[[ Supplied data open ]]
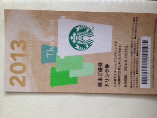 以前から気になっていたスターバックコーヒーの株主優待券が
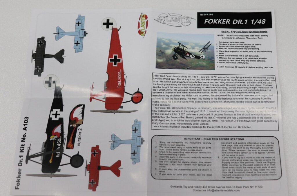 アメリカのアトランティスモデルからリリースされた1/48スケールの第一次大戦機、フォッカーDR.1が入荷しましたのでどんなキットか、中を覗いてみました。
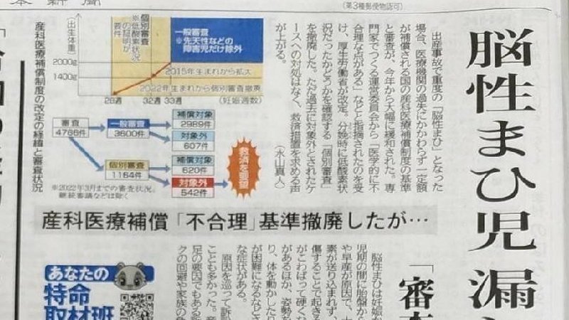 ①産科医療補償「不合理」基準撤廃も…脳性まひ児、漏れた救済 「審査済み」見直さず
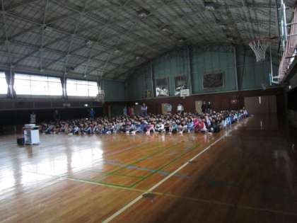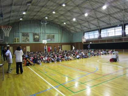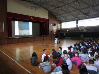 10月14日(金)に行われた、保護者による読み聞かせと同様、体育館にプロジェクターで大きく写し、映画会のようでした。
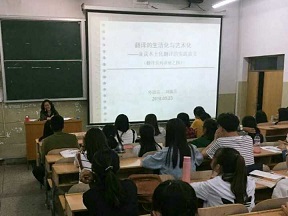 5月23日晚19:30-21:30,我系于综合楼104成功举办了题为“翻译的生活化与艺术化――兼谈本土化翻译的实践意义”的翻译讲座。本次讲座的主讲人为我系翻译学与比较文学教授刘满芸老师,全院200多名学子到场聆听,讲座氛围浓厚,全场座无虚席。刘老师以“你把翻译当生活,生活还你以艺术”为切入点,引出“翻译的态度、过程和结果”这一话题,对语言与文化的复杂关系进行解读,以中国“五四运动”时期的翻译为例对时代背景如何影响翻译方法的选择进行剖析,结合当代翻译理论与实践的发展趋势以及本校学生的翻译学习需求,深入分析了两种英汉语言之间的基本差异,并以大量实例,说明语言对比分析在翻译实践中的作用。刘老师就如何提高学生的跨语言文化认知与转换能力,给出了方法:摹仿经典,善于对比,遵循规律,学会取舍。刘老师强调生活是翻译成长的摇篮,也是翻译成长的过程;生活是理解语言的基石,艺术是翻译质化和升华的结果。讲座将大家带入了绚丽的翻译世界。
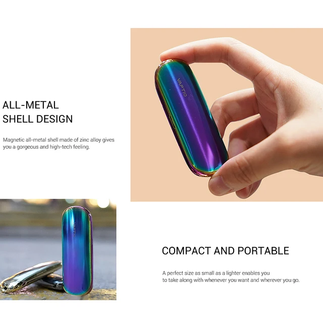 Élégant est le premier système de dosette d’origine avec coque magnétique entièrement métallique qui peut ajuster automatiquement le flux d’air en fonction du volume d’air inhalé par l’utilisateur. Une taille parfaite aussi petite qu’un briquet vous permet de l’emporter quand vous voulez et où que vous alliez. Un réservoir amovible intégré avec atomiseur en céramique de diatomite de génération 4 vous offre des performances exceptionnelles de forte capacité d’absorption, un bon verrouillage e-liquide et une excellente conductivité thermique pour une cuisson plus rapide et un meilleur goût.
[[ Supplied data closed ]]
> **What the task requires**
An exact retyping of the entries, without images, is the required answer.

> **Result of this exercise**
 以前から気になっていたスターバックコーヒーの株主優待券が
 アメリカのアトランティスモデルからリリースされた1/48スケールの第一次大戦機、フォッカーDR.1が入荷しましたのでどんなキットか、中を覗いてみました。
 ①産科医療補償「不合理」基準撤廃も…脳性まひ児、漏れた救済 「審査済み」見直さず
 10月14日(金)に行われた、保護者による読み聞かせと同様、体育館にプロジェクターで大きく写し、映画会のようでした。
 5月23日晚19:30-21:30,我系于综合楼104成功举办了题为“翻译的生活化与艺术化――兼谈本土化翻译的实践意义”的翻译讲座。本次讲座的主讲人为我系翻译学与比较文学教授刘满芸老师,全院200多名学子到场聆听,讲座氛围浓厚,全场座无虚席。刘老师以“你把翻译当生活,生活还你以艺术”为切入点,引出“翻译的态度、过程和结果”这一话题,对语言与文化的复杂关系进行解读,以中国“五四运动”时期的翻译为例对时代背景如何影响翻译方法的选择进行剖析,结合当代翻译理论与实践的发展趋势以及本校学生的翻译学习需求,深入分析了两种英汉语言之间的基本差异,并以大量实例,说明语言对比分析在翻译实践中的作用。刘老师就如何提高学生的跨语言文化认知与转换能力,给出了方法:摹仿经典,善于对比,遵循规律,学会取舍。刘老师强调生活是翻译成长的摇篮,也是翻译成长的过程;生活是理解语言的基石,艺术是翻译质化和升华的结果。讲座将大家带入了绚丽的翻译世界。
 Élégant est le premier système de dosette d’origine avec coque magnétique entièrement métallique qui peut ajuster automatiquement le flux d’air en fonction du volume d’air inhalé par l’utilisateur. Une taille parfaite aussi petite qu’un briquet vous permet de l’emporter quand vous voulez et où que vous alliez. Un réservoir amovible intégré avec atomiseur en céramique de diatomite de génération 4 vous offre des performances exceptionnelles de forte capacité d’absorption, un bon verrouillage e-liquide et une excellente conductivité thermique pour une cuisson plus rapide et un meilleur goût.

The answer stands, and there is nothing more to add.